Fitch Ratings continues to see an accommodative monetary policy stance in the Philippines due to a benign inflation environment, which bodes well for the projected economic recovery next year.
In its 2021 Outlook for Asia Pacific report dated December 8, the debt rater said absence of inflationary pressure gives the Philippines, among several other countries in the region, a leeway to keep its monetary policy view.
“We expect modest further interest rate cuts in some economies, including India, Malaysia, and the Philippines,” it said.

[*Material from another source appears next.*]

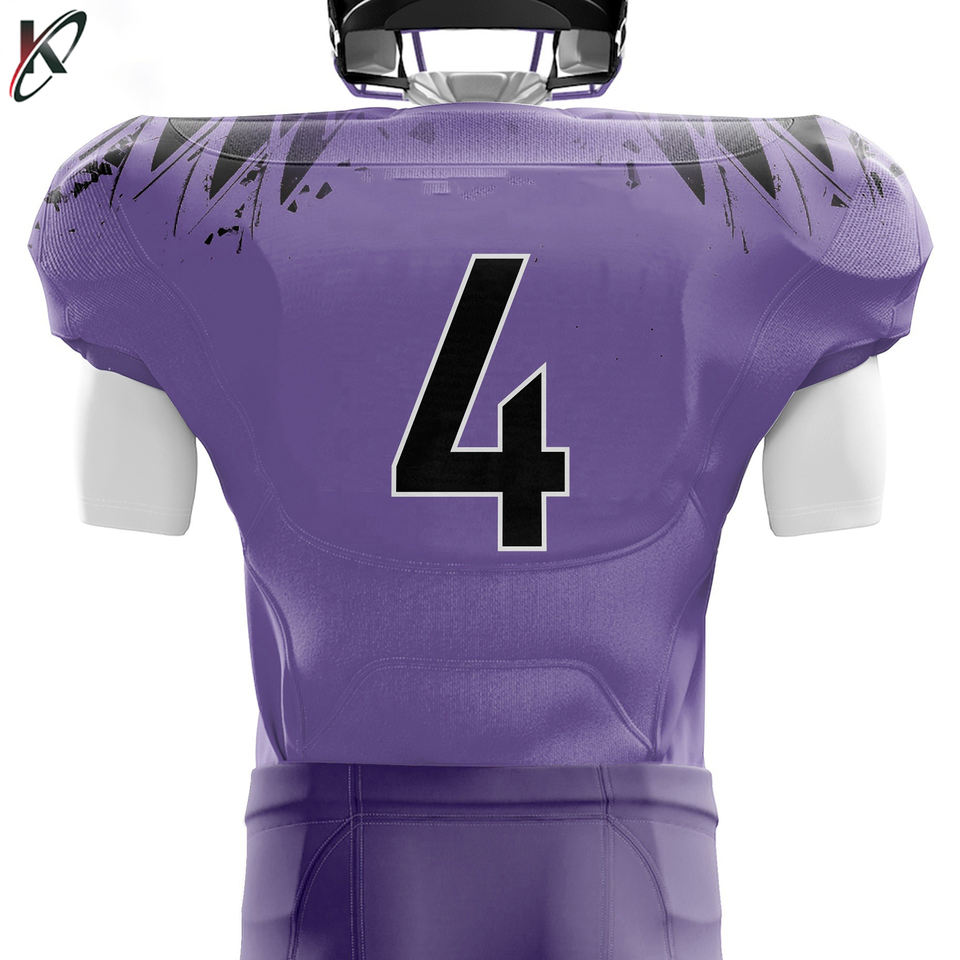เครื่องแบบฟุตบอลอเมริกันระเหิดแบบกำหนดเอง2025อุปกรณ์ระบายอากาศผ้าทอลายทแยงขนาดพิเศษผลิตสำหรับผู้เล่นสีม่วงสีขาว

The Bangko Sentral ng Pilipinas’ (BSP) policy-making Monetary Board (MB) has slashed the central bank’s key rates by a total of 200 basis points to help buoy the domestic economy from the impact of the coronavirus disease 2019 (Covid-19) pandemic.
Currently, the BSP’s overnight reverse repurchase (RRP) rate is at 2 percent, the overnight lending rate at 2.5 percent, and the overnight deposit rate at 1.5 percent.
The rate reductions brought the real interest rate in negative territory since average inflation in the first 11 months this year stood at 2.6 percent.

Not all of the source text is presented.